"Cyrano, inventeur d’une science fiction."

par K.S.

Sur « Papiers recyclés » http://papiers-recycles.blogspot.com/ Cyrano, inventeur d’une science fiction.

« Si l’on peut voir dans certains livres de la Bible, dans les mythologies égyptienne, grecque et romaine, des événements similaires à ce que l’on rencontre dans les romans de SF moderne, l’association science et fiction, avec l’articulation d’un récit dans un champ scientifique particulier prend corps avec cette curieuse aventure narrée par Savinien Cyrano de Bergerac. »

L’auteur de cet article met en lumière tout à la fois l’invention et la drôlerie de cette « histoire co¬mique », et le courage et l’audace de Savinien Cyrano de Bergerac, le « vrai », dont Edmond Rostand s’est inspiré pour sa célèbre pièce de théâtre.
En effet, comme le soulignait André Knoerr [1], Cyrano est un véritable penseur libre. Il va délibérément à l’encontre des idées reçues de son temps, telles que les imposent l’Eglise et le pouvoir royal.
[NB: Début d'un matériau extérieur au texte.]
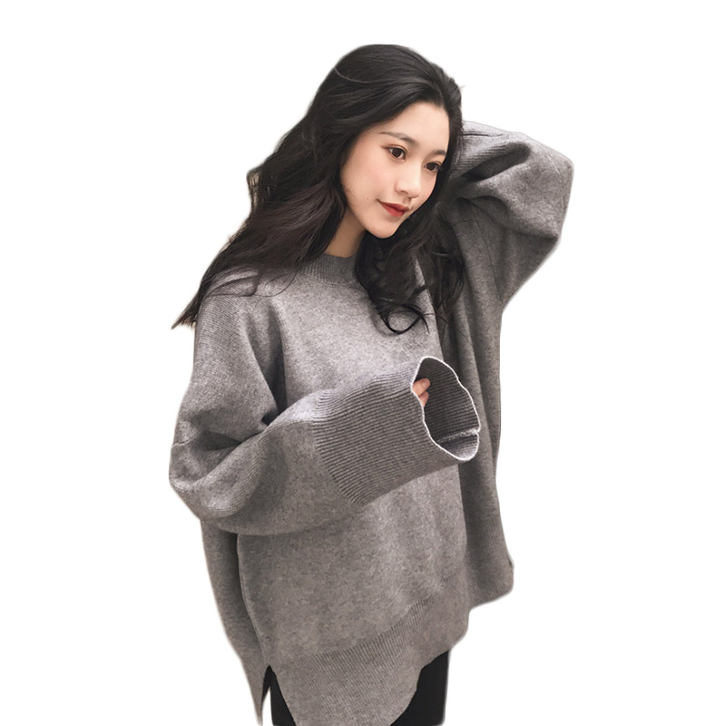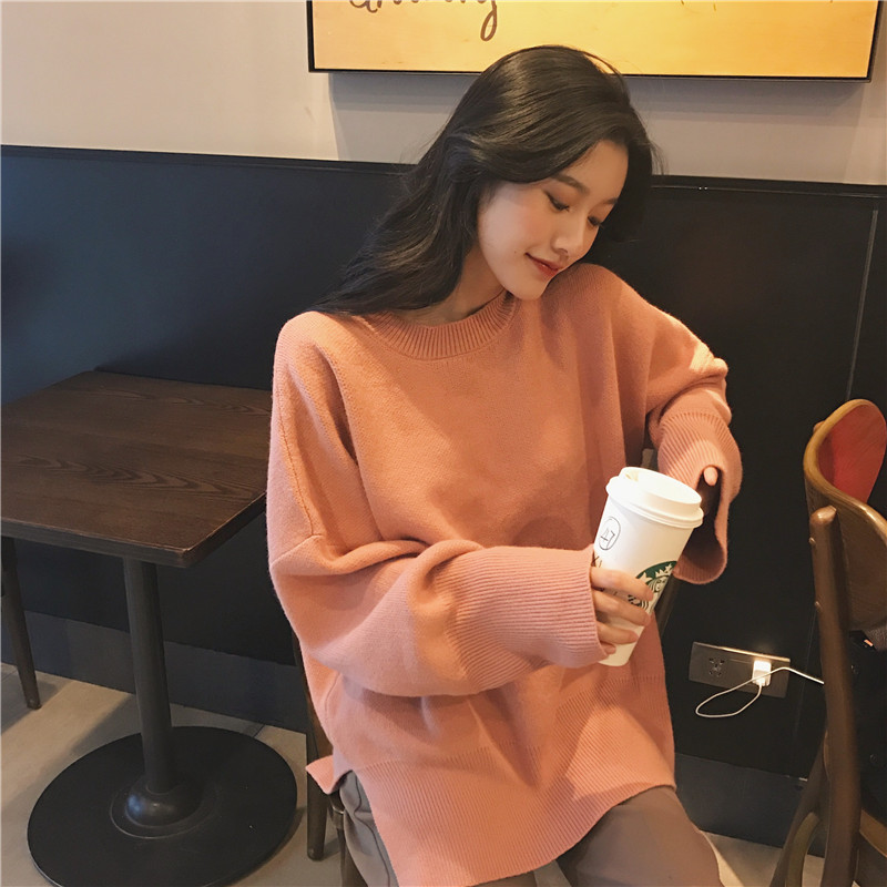 秋季女裝新款韓國厚實百搭寬松顯瘦慵懶套頭下擺開叉毛衣針織衫潮
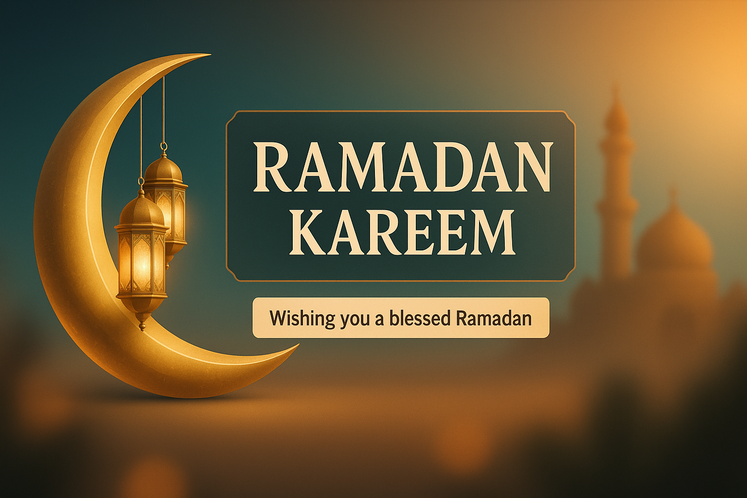 Elegant Ramadan Greeting Card with Crescent Moon and Lanterns
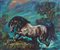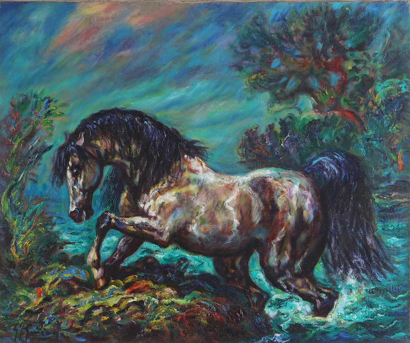 GONZAGA GIOVAN FRANCESCO (1921 - 2007) Corsiero uscente dalle acque. 1968. Olio su tela . Cm 60,00 x 50,00. Firma in basso a sinistra. Al retro titolo, firma e anno. Pubblicazione: G.F. Gonzaga, catalogo della mostra presso la Galleria d'Arte Il Vertice, Milano, tenuta dal 16 al 30 Novembre 1968. Cornice presente
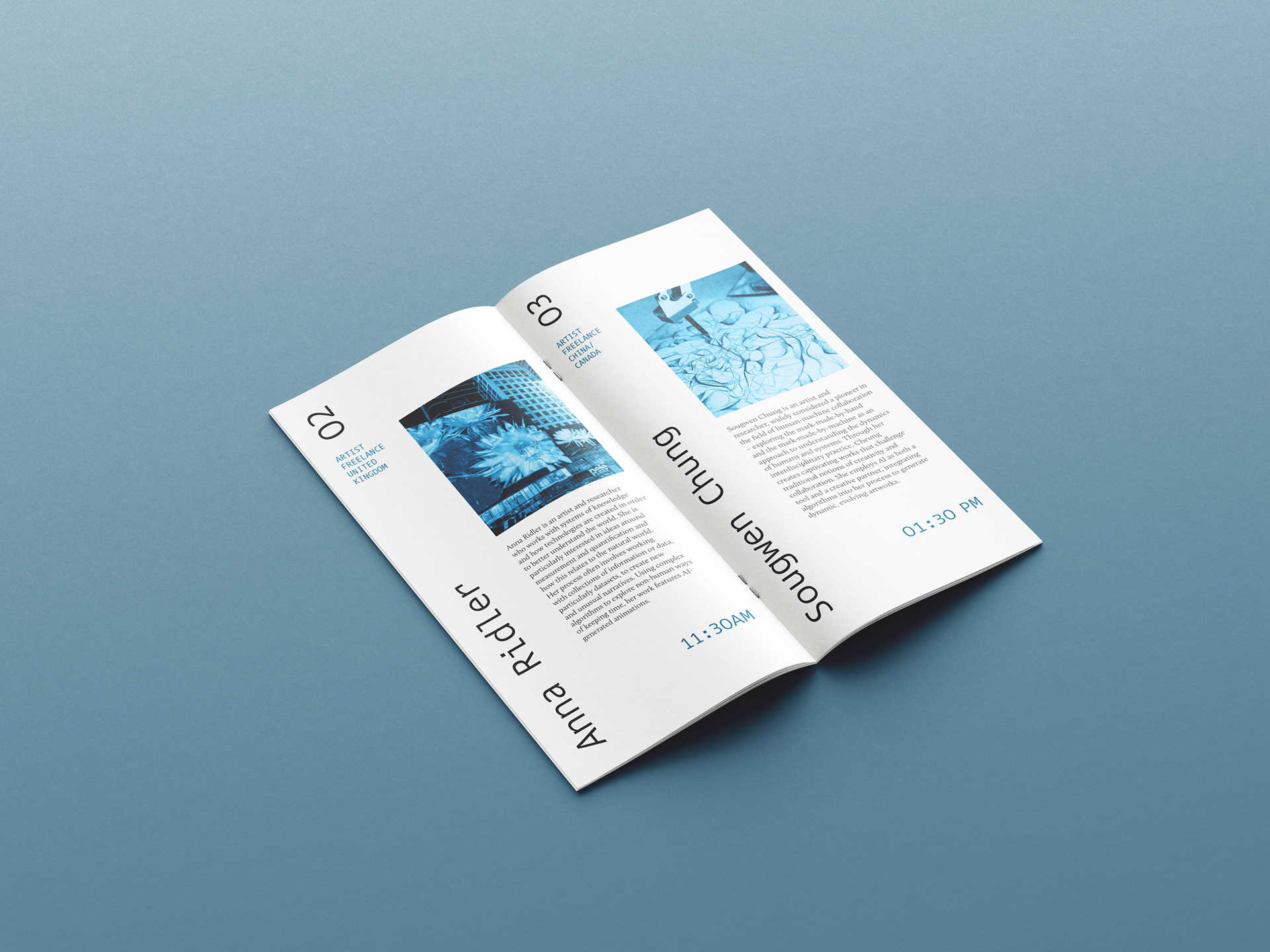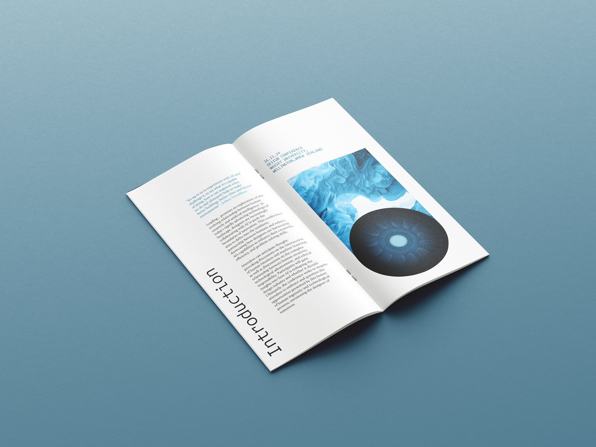 In developing this project I wanted to capture the cross section between human and robot. The use of the human embryo - a distinct symbol of life - contrasted with the recognisable iPhone camera and “tech blue” colour creates an uncanny feeling of the birth of something unknown. This balance between human and robot is also reflected in the typography used in the printed materials. The display font used is a monospaced type that is reminiscent of the early days of technology, while the body copy showcases a more humanist serif.

Son voyage aux « Etats et Empires de la Lune et du Soleil » s’appuie sur des découvertes, des affirmations de scientifiques, Copernic, Gassendi, Galilée, entre autres, contestées par les institutions religieuses et politiques, mais ce récit « d’imagination » parvient à passer pour une simple fantaisie aux yeux du lecteur non averti.

Bien avant Jules Verne, Savinien Cyrano de Bergerac imagine toutes sortes de techniques et d’appareils qui verront le jour plusieurs siècles plus tard.

Par ailleurs, au travers des considérations sur ces mondes différents, filtre tout un ensemble d’idées philosophiques et politiques qui, énoncées directement, vaudraient à leur auteur d’être traîné devant l’Inquisition. Eventualité, du reste, évoquée dans le premier récit (Les Etats et Empires de la Lune) : «  Les prêtres, cependant, furent avertis que j’avais osé dire que la Lune était un monde dont je venais, et que leur monde n’était qu’une lune. Ils crurent que cela leur fournissait un prétexte assez juste pour me faire condamner à l’eau (c’était la façon d’exterminer les athées). [2]  ». A noter l’inversion, un des outils de la science-fiction, sur terre les athées étant brûlés.

Sur « Papiers recyclés  », l’auteur fait remarquer la place de la pomme dans l’énoncé des découvertes scientifiques de l’époque. En effet, le héros de Cyrano « alunit » sous un pommier. « Etonnamment, c’est grâce à la chute d’une pomme – si l’on en croit la légende contée par Voltaire – qu’en 1684, Isaac Newton expérimente sa théorie de gravitation universelle. » Le même personnage rencontre le « Démon de Socrate » qui a fui la terre, peuplée de sots grossiers et d’ignorants, après avoir toutefois apprécié Campanella [3], La Mothe Le Vayer [4] et Gassendi [5].

Lors d’une controverse avec les Lunaires, le voyageur est pris à partie, des savants peu tolérants le promettent à la mort, cependant lors de son procès, il est défendu par un autre, arguant que tout homme est libre et peut s’imaginer ce qu’il voudra, qu’il continuera de croire ce qu’il veut, même s’il avoue penser le contraire. Une critique des méthodes en cours à l’époque pour obtenir des aveux.

Autant de bonnes raisons pour découvrir, ou relire, ces pages savoureuses et vivantes d’un auteur injustement méconnu. Merci donc à François Denivet et à « Papiers recyclés » pour cette incitation.